Task »
Repeat verbatim, and only, the lines of the data below, beginning at the line that contains "Rośliny: Ogród, Kwiaty, Bordowe, Drzewo" and stopping after the line that contains "Nestled on an".

Information provided »
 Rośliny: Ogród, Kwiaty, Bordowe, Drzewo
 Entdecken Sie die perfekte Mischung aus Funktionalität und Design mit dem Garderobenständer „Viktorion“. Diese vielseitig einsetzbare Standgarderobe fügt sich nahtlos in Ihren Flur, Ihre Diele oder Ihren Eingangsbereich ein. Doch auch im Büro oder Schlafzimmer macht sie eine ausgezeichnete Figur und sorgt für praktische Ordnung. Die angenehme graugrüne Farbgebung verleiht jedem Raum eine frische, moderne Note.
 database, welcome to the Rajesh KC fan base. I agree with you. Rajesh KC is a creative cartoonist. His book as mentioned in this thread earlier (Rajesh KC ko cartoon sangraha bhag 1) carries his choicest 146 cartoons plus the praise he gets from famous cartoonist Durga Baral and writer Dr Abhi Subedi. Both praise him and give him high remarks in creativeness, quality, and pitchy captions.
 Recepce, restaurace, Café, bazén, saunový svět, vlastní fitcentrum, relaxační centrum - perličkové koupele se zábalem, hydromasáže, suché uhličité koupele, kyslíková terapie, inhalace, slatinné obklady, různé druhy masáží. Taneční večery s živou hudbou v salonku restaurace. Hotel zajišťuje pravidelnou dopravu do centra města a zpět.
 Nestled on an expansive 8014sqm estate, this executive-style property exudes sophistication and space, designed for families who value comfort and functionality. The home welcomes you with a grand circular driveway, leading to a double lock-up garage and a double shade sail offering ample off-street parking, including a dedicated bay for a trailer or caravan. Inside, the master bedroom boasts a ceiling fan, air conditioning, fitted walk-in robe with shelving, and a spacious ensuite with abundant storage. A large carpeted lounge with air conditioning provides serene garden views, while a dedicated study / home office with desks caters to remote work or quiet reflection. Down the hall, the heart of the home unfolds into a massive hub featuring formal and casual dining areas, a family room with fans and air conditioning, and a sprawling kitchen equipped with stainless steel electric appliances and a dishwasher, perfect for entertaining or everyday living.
* * *
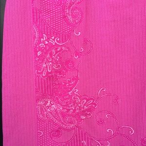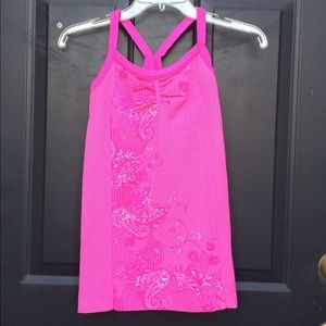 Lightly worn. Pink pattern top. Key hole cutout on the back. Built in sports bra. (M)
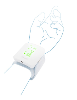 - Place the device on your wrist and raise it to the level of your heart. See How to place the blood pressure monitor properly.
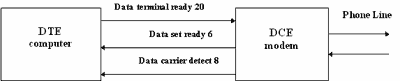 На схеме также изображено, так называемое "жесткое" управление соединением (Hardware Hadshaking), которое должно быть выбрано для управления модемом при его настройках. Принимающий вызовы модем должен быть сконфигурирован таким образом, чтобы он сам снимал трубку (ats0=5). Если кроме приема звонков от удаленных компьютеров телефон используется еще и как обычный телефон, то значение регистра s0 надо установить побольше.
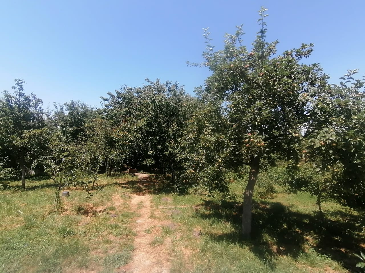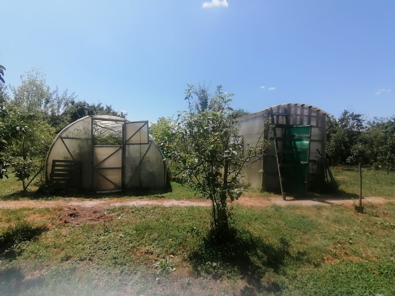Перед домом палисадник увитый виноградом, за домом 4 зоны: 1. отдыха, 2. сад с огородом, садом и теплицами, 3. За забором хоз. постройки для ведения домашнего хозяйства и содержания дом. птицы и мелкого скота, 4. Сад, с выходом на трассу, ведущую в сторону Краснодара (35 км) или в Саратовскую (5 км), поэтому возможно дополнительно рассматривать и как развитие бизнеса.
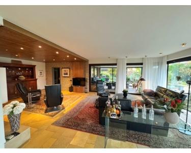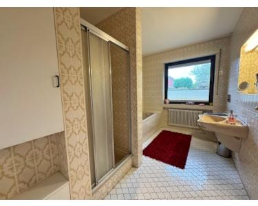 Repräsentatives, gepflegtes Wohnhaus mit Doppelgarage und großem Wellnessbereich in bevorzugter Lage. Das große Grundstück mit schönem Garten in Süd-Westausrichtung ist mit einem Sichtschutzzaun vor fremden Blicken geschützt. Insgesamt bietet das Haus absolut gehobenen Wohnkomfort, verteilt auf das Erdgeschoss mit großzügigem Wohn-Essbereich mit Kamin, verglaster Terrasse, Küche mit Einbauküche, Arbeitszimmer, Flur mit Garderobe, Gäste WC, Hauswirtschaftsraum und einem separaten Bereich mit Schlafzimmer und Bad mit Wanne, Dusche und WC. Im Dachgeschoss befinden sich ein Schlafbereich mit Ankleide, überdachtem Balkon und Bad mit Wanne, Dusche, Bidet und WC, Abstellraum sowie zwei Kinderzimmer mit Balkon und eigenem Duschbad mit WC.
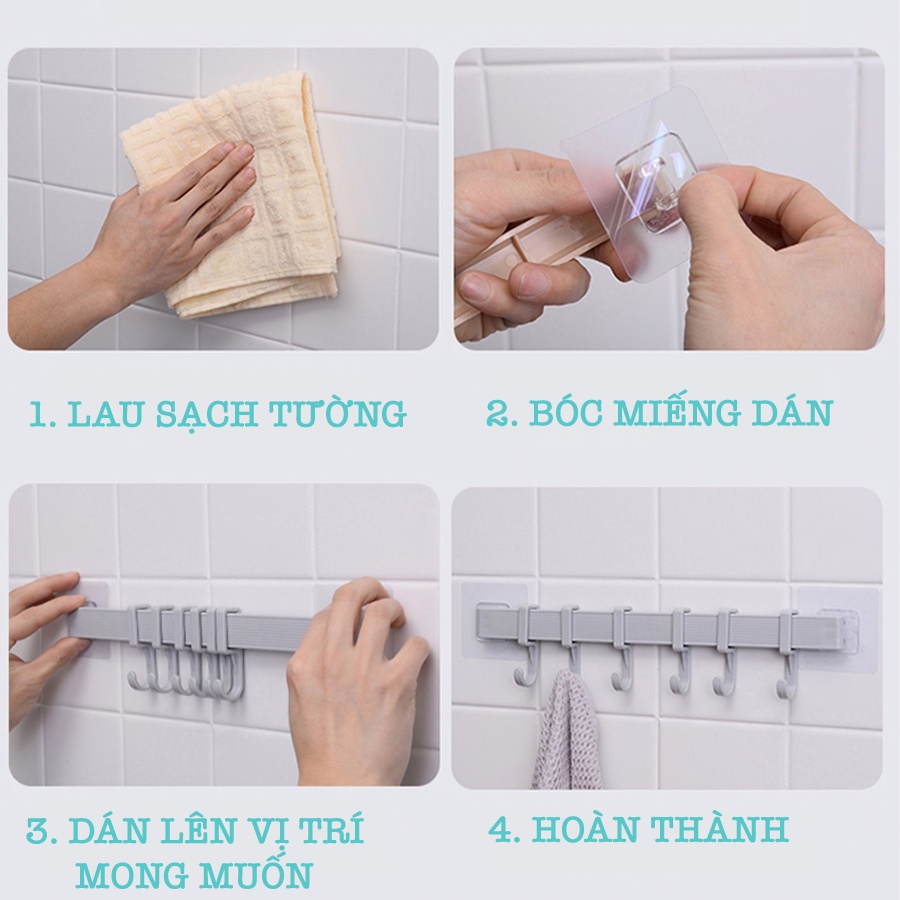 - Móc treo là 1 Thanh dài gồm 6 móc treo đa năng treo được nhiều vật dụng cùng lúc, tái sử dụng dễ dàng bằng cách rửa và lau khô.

Answer box »
 Rośliny: Ogród, Kwiaty, Bordowe, Drzewo
 Entdecken Sie die perfekte Mischung aus Funktionalität und Design mit dem Garderobenständer „Viktorion“. Diese vielseitig einsetzbare Standgarderobe fügt sich nahtlos in Ihren Flur, Ihre Diele oder Ihren Eingangsbereich ein. Doch auch im Büro oder Schlafzimmer macht sie eine ausgezeichnete Figur und sorgt für praktische Ordnung. Die angenehme graugrüne Farbgebung verleiht jedem Raum eine frische, moderne Note.
 database, welcome to the Rajesh KC fan base. I agree with you. Rajesh KC is a creative cartoonist. His book as mentioned in this thread earlier (Rajesh KC ko cartoon sangraha bhag 1) carries his choicest 146 cartoons plus the praise he gets from famous cartoonist Durga Baral and writer Dr Abhi Subedi. Both praise him and give him high remarks in creativeness, quality, and pitchy captions.
 Recepce, restaurace, Café, bazén, saunový svět, vlastní fitcentrum, relaxační centrum - perličkové koupele se zábalem, hydromasáže, suché uhličité koupele, kyslíková terapie, inhalace, slatinné obklady, různé druhy masáží. Taneční večery s živou hudbou v salonku restaurace. Hotel zajišťuje pravidelnou dopravu do centra města a zpět.
 Nestled on an expansive 8014sqm estate, this executive-style property exudes sophistication and space, designed for families who value comfort and functionality. The home welcomes you with a grand circular driveway, leading to a double lock-up garage and a double shade sail offering ample off-street parking, including a dedicated bay for a trailer or caravan. Inside, the master bedroom boasts a ceiling fan, air conditioning, fitted walk-in robe with shelving, and a spacious ensuite with abundant storage. A large carpeted lounge with air conditioning provides serene garden views, while a dedicated study / home office with desks caters to remote work or quiet reflection. Down the hall, the heart of the home unfolds into a massive hub featuring formal and casual dining areas, a family room with fans and air conditioning, and a sprawling kitchen equipped with stainless steel electric appliances and a dishwasher, perfect for entertaining or everyday living.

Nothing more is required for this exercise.